The records must be duplicated exactly, with every picture left out.

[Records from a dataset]
========================

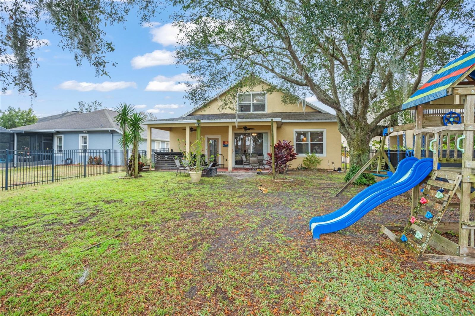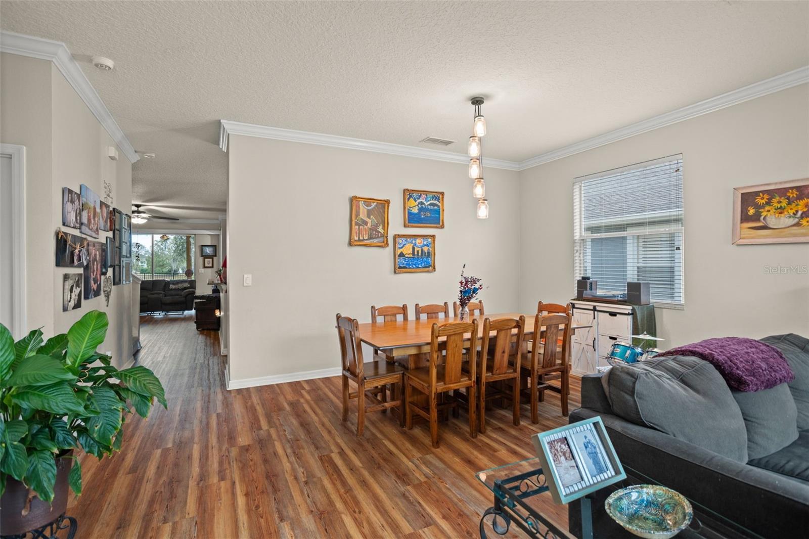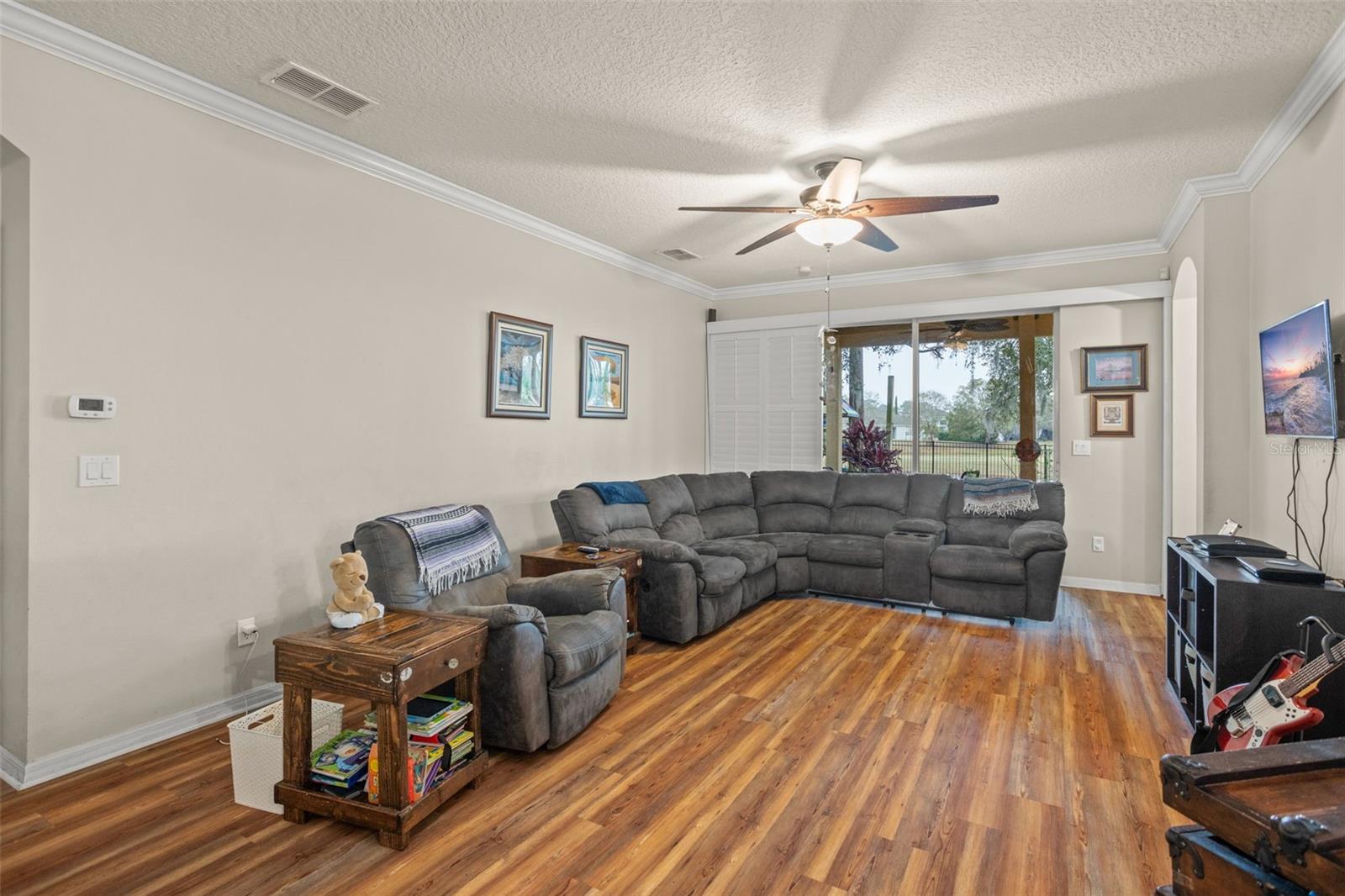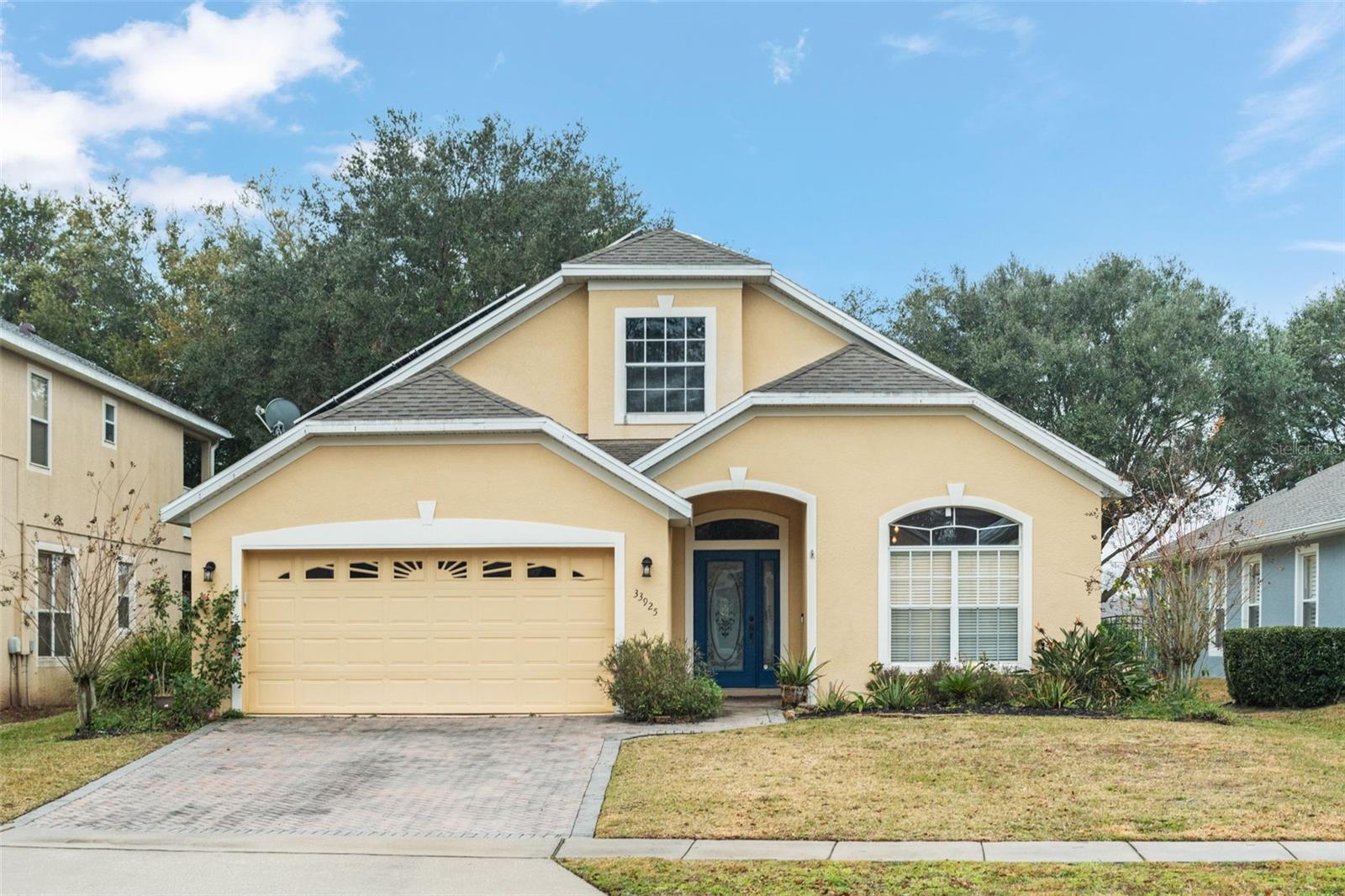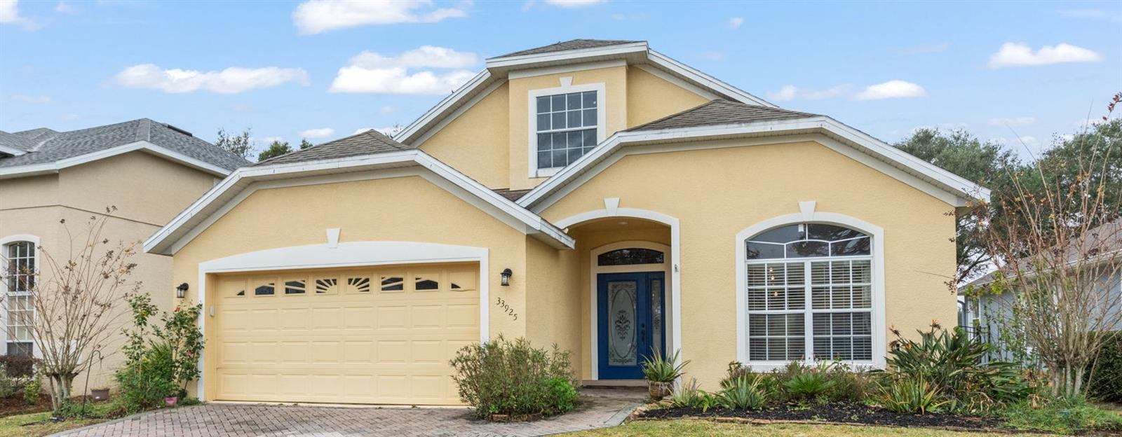 BRAND NEW ROOF and SOLAR PANELS paid off at closing! Amenities and serenity abound with this 4-bedroom, 3-bathroom home located in the guard-gated, golf community of Sorrento Hills and situated perfectly on the 6th tee of the Eagle Dunes Golf Course. Through the etched glass front door, you'll find the formal living or flex room up front with the picturesque window drawing in the natural light leading back into the formal dining room with crown molding throughout. Continuing into the heart of the home, you'll see that the high-end, waterproof laminate floors span through all living areas and bedrooms on the main floor. In the spacious, open kitchen you'll find granite countertops with stylish backsplash, stainless steel appliances, water softener and reverse osmosis system, and additional eat-in space overlooking the family room. A perfect guest bedroom with direct access to the 3rd full bathroom sits invitingly past the family room. Rounding out the main floor is the spacious primary suite featuring dual closets, double sink vanity, soaking tub, and stand-up shower and serene views of the backyard and golf course beyond. As you head upstairs the split floor plan offers endless options with bedrooms on either side of the loft space and another full bathroom. Back downstairs and out the sliding glass doors, you’re brought onto the extended covered patio overlooking your fenced backyard. This space offers mature landscaping throughout with beautiful views of the golf course for a serene backyard setting. The gated community of Sorrento Springs offers residents a fantastic pool with lounge areas, clubhouse, fitness center, tennis/basketball courts and access to the public golf course. Tons of community events including food truck nights, golf cart parades, and farmers markets make this an amazing place to live and play! You’ll be less than 5 mins from all the shopping & dining at Sorrento Hills Village, with historic Mt. Dora just 15 mins from your front door. Schedule your private showing today! **This property qualifies for a closing cost credit up to $3,300 through the Seller’s preferred lender.**
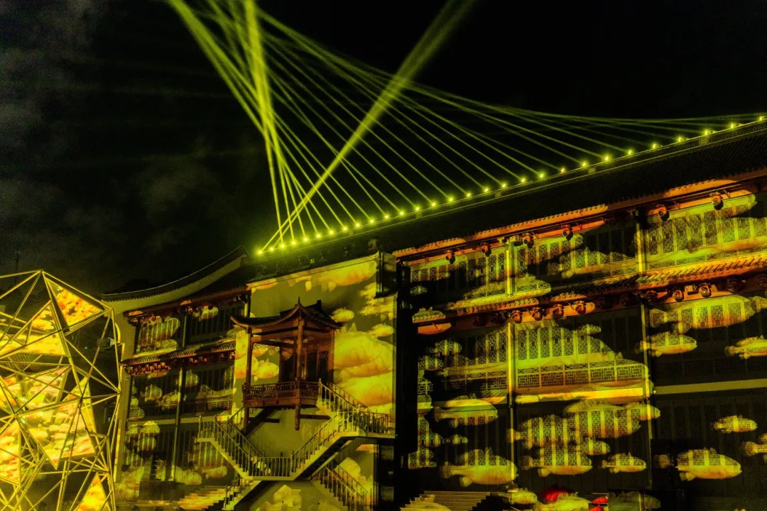 《渔光之城》滨海场景演艺秀在晚间19:30准时拉开帷幕,渔光倾泻如瀑漫延在渔港的每个角落,为山海城港,赋予了新的艺术生命,且听光影将渔光的故事娓娓道来。
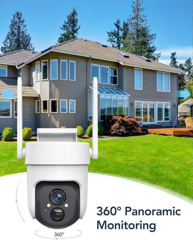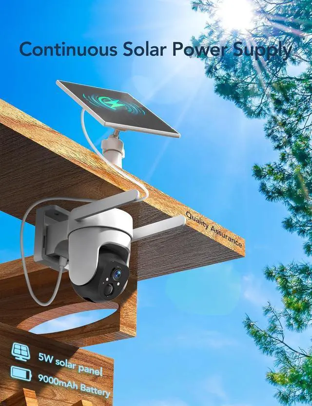 Solar Powered & True Wireless The solar security camera includes a built-in rechargeable battery and solar panel, ensuring continuous power supply as long as there is sunlight, allowing the camera to operate continuously. Before first use, the camera must be fully charged using the power cord; afterwards, it can be powered by the solar panel for extended periods. Battery performance will vary depending on sunlight intensity, activity level, and network conditions
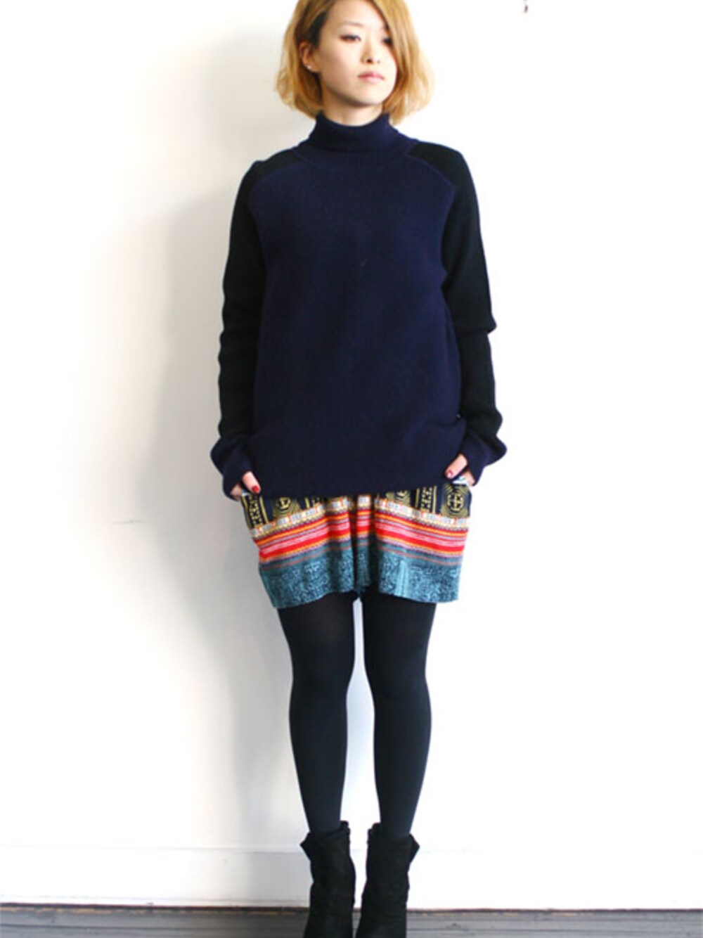 ronestaffのトップス「「bethourire」ベスリール タートルネックカシミアニットトップス<ネイビー>」を使ったコーディネート
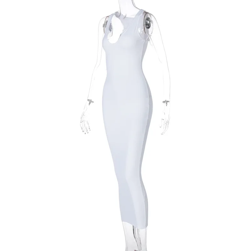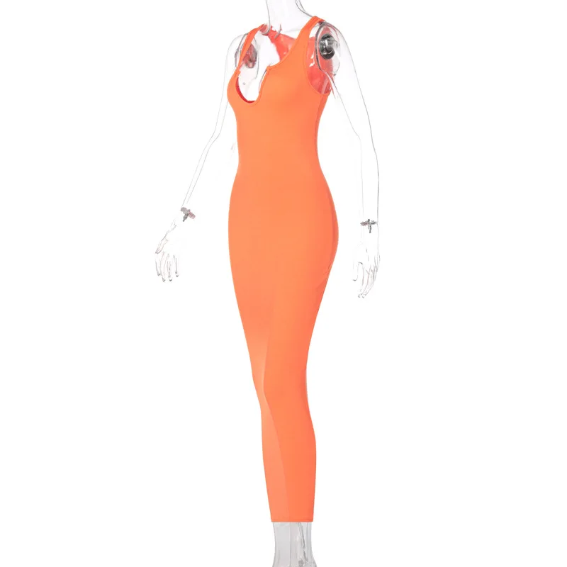 Hugcitar2021 однотонное обтягивающее платье макси без рукавов с ква...
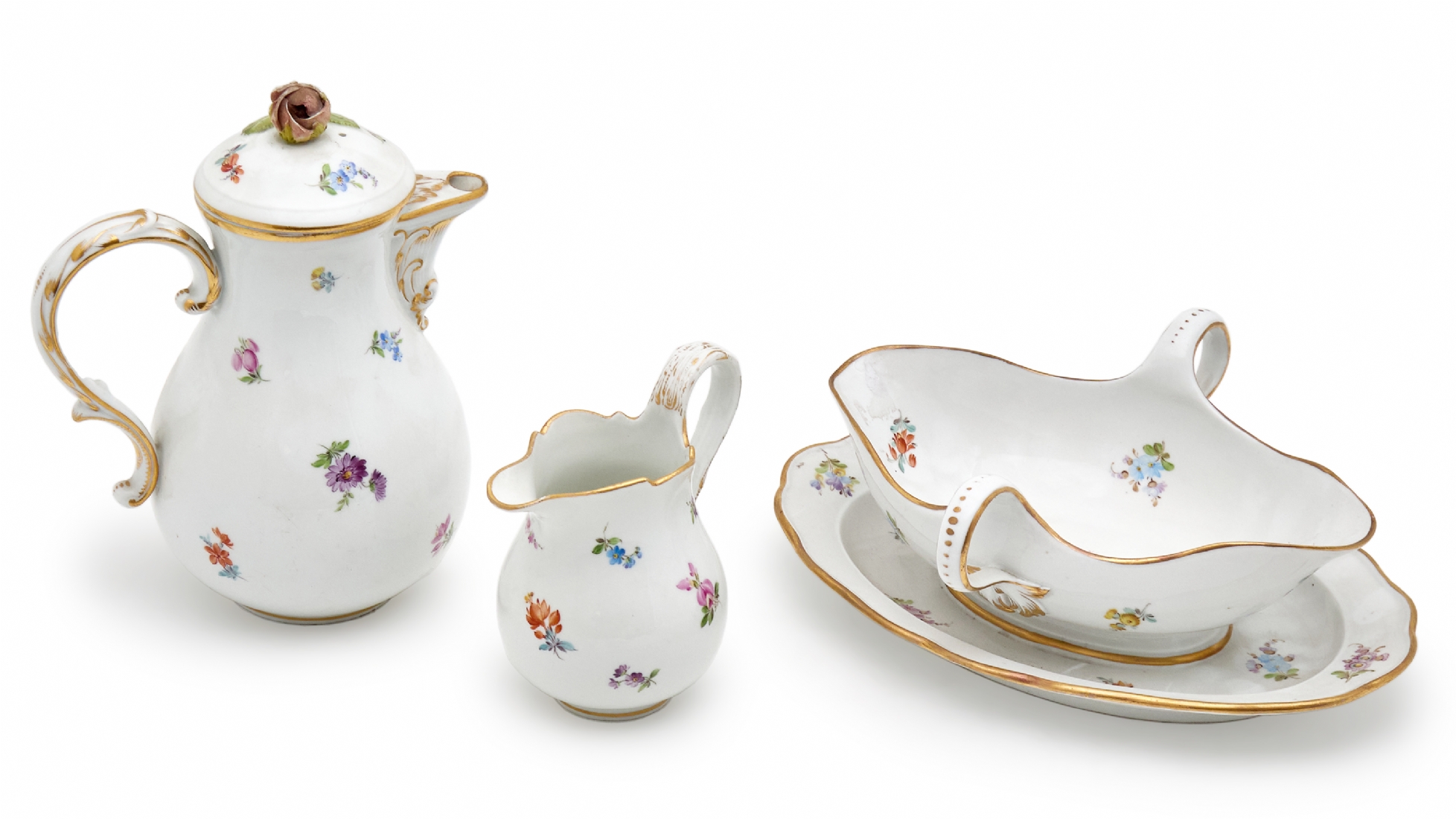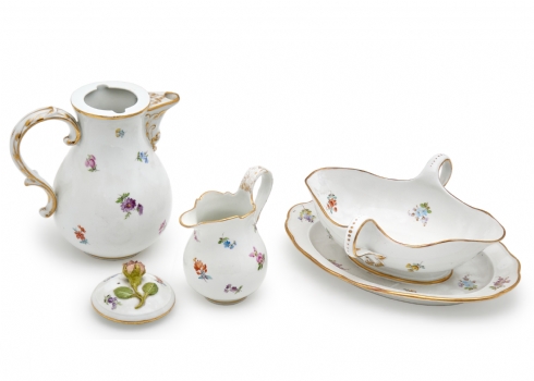 לוט של 3 כלי פורצלן עתיקים מתוצרת: 'מייסן' (Meissen), חתומים

========================

RESULT OF THE TASK
 BRAND NEW ROOF and SOLAR PANELS paid off at closing! Amenities and serenity abound with this 4-bedroom, 3-bathroom home located in the guard-gated, golf community of Sorrento Hills and situated perfectly on the 6th tee of the Eagle Dunes Golf Course. Through the etched glass front door, you'll find the formal living or flex room up front with the picturesque window drawing in the natural light leading back into the formal dining room with crown molding throughout. Continuing into the heart of the home, you'll see that the high-end, waterproof laminate floors span through all living areas and bedrooms on the main floor. In the spacious, open kitchen you'll find granite countertops with stylish backsplash, stainless steel appliances, water softener and reverse osmosis system, and additional eat-in space overlooking the family room. A perfect guest bedroom with direct access to the 3rd full bathroom sits invitingly past the family room. Rounding out the main floor is the spacious primary suite featuring dual closets, double sink vanity, soaking tub, and stand-up shower and serene views of the backyard and golf course beyond. As you head upstairs the split floor plan offers endless options with bedrooms on either side of the loft space and another full bathroom. Back downstairs and out the sliding glass doors, you’re brought onto the extended covered patio overlooking your fenced backyard. This space offers mature landscaping throughout with beautiful views of the golf course for a serene backyard setting. The gated community of Sorrento Springs offers residents a fantastic pool with lounge areas, clubhouse, fitness center, tennis/basketball courts and access to the public golf course. Tons of community events including food truck nights, golf cart parades, and farmers markets make this an amazing place to live and play! You’ll be less than 5 mins from all the shopping & dining at Sorrento Hills Village, with historic Mt. Dora just 15 mins from your front door. Schedule your private showing today! **This property qualifies for a closing cost credit up to $3,300 through the Seller’s preferred lender.**
 《渔光之城》滨海场景演艺秀在晚间19:30准时拉开帷幕,渔光倾泻如瀑漫延在渔港的每个角落,为山海城港,赋予了新的艺术生命,且听光影将渔光的故事娓娓道来。
 Solar Powered & True Wireless The solar security camera includes a built-in rechargeable battery and solar panel, ensuring continuous power supply as long as there is sunlight, allowing the camera to operate continuously. Before first use, the camera must be fully charged using the power cord; afterwards, it can be powered by the solar panel for extended periods. Battery performance will vary depending on sunlight intensity, activity level, and network conditions
 ronestaffのトップス「「bethourire」ベスリール タートルネックカシミアニットトップス<ネイビー>」を使ったコーディネート
 Hugcitar2021 однотонное обтягивающее платье макси без рукавов с ква...
 לוט של 3 כלי פורצלן עתיקים מתוצרת: 'מייסן' (Meissen), חתומים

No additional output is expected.